Science

We are masters of our climate destiny — so let’s act like it

May 1, 2014 /

Sometimes it’s tempting to sink into a deep funk about the climate. After all, bad news seems to follow bad news. Places take years to recover from extreme weather shocks to the system. Not helping: governmental gridlock on an issue that has become inexplicably partisan; the inability of global entities to come to any meaningful agreement about who should do what, and, oh yes, efforts by certain individuals to thwart any moves toward building sustainable power systems.

Really, it’s enough to make you throw up your hands and settle deeper into the couch to zone out on crap TV.

It wasn’t always this way, of course. Remember the 1980s, when the phrase “ozone layer” first crossed the transom of public consciousness and we all stopped buying things like chlorofluorocarbon-splurting aerosols? The 1987 Montreal Protocol successfully restricted the release of CFCs into the atmosphere — and all told, it really did make a difference. If we hadn’t taken those actions, says climate scientist Gavin Schmidt, “we’d all be walking around every day wearing 20 layers of suntan cream, and skin cancer would be at unbelievably high records.” Turns out, we are capable of doing meaningful things when we put our minds to it.

So why the current pervasive feelings of helplessness? Two thoughts: First, the problem has become infinitely complex. The tangled webs connecting once distinct industries and ushering in global society have led business, culture and humanity to become entirely entwined — and this is true of climate change issues too. It’s frankly hard to understand any of it. Second, that confusion and lack of clarity is absolutely to the advantage of those with a vested interest in promoting business as usual. Veteran environment writer John Carey writes of the “decades-long, well-financed and purposely deceitful effort by the fossil fuel industry and conservative groups to sow doubt, spread misinformation and paint climate change as a liberal plot to raise taxes and expand Big Government.” With highly motivated and well-funded groups working to persuade us that our individual actions don’t add up to much, it’s perhaps no wonder that so many of us throw up our hands and declare defeat.
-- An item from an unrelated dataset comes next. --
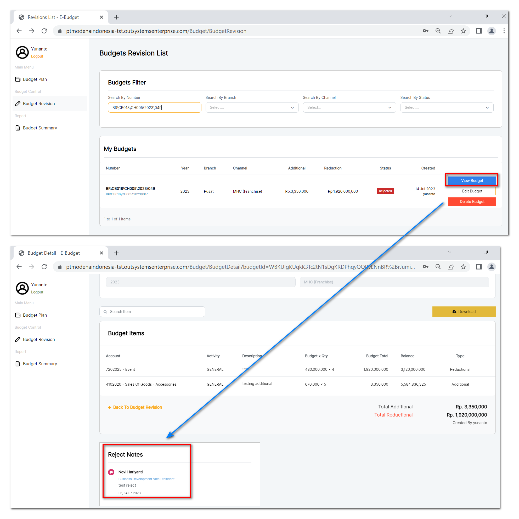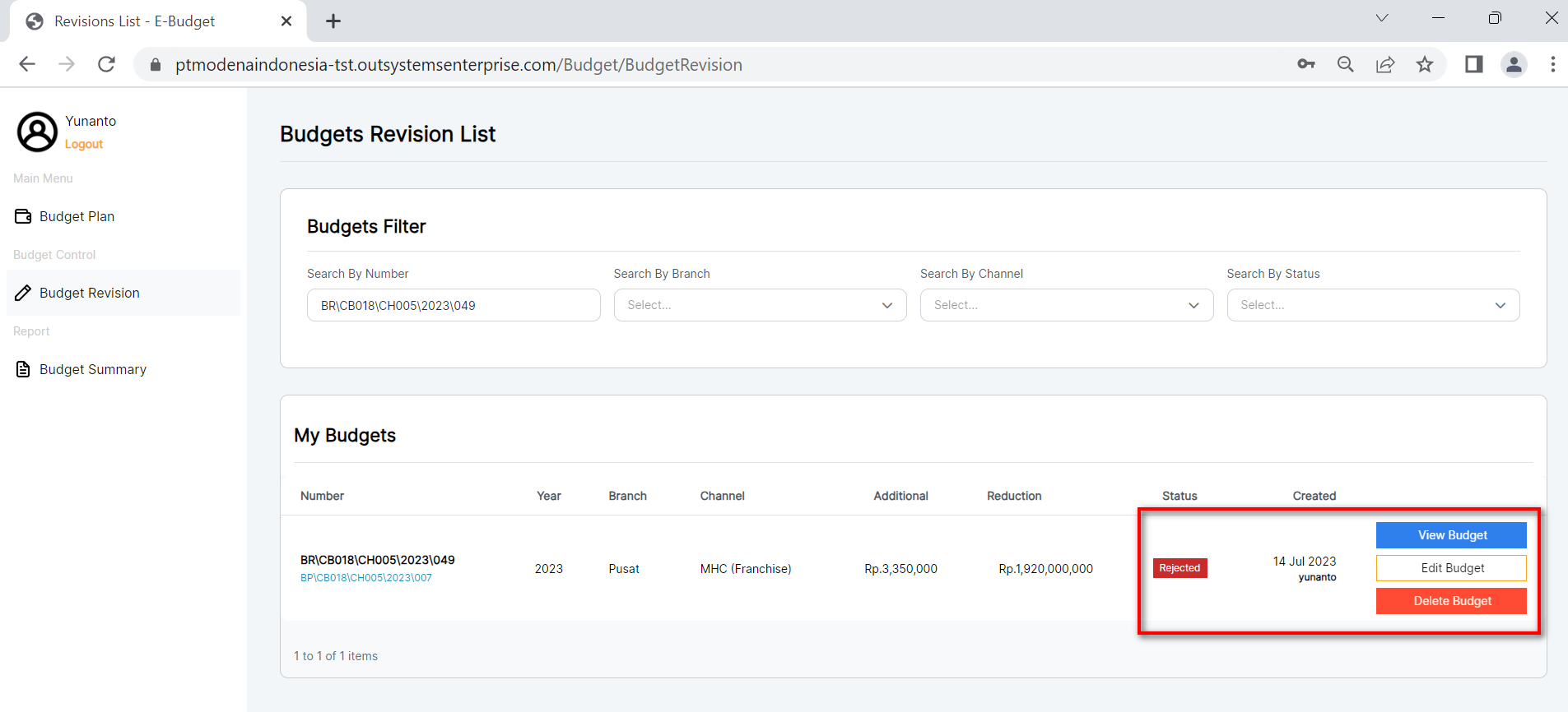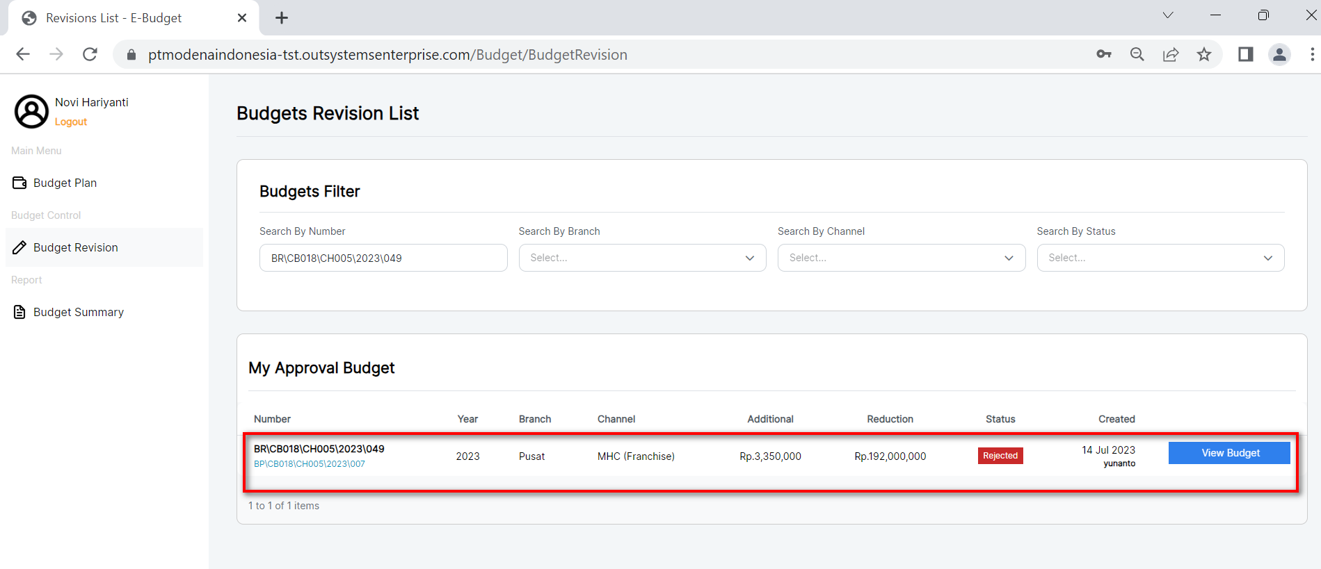 Apabila Approver melakukan Reject atas Budget Revision, Status budget revision akan berubah menjadi Rejected

But the fact is, that’s no excuse, things are not hopeless, and it’s time to stop playing the victim or sticking our fingers in our ears and failing to pay attention. Listen to the scientists and they argue that there’s still time to see off the worst effects of climate change — but we have to get on and start now. One clear way to see this is in some of the climate models that Schmidt shows in his TED talk. One in particular includes three projections of what will happen to global temperatures — if we take aggressive action to combat climate change, if we take some action, or if we take no action at all. That last animation ends up with a blood-red world. It’s terrifying.

Schmidt and his cohorts aren’t in the business of building social movements to promote action on climate change. That’s up to us. There’s clearly a need for skilled communicators to help us to focus our vague feelings of discomfort into meaningful action. But we all need to remember that we have agency here. “For better or worse, we are masters of our climate destiny,” says Schmidt. Now’s the time to start behaving like it.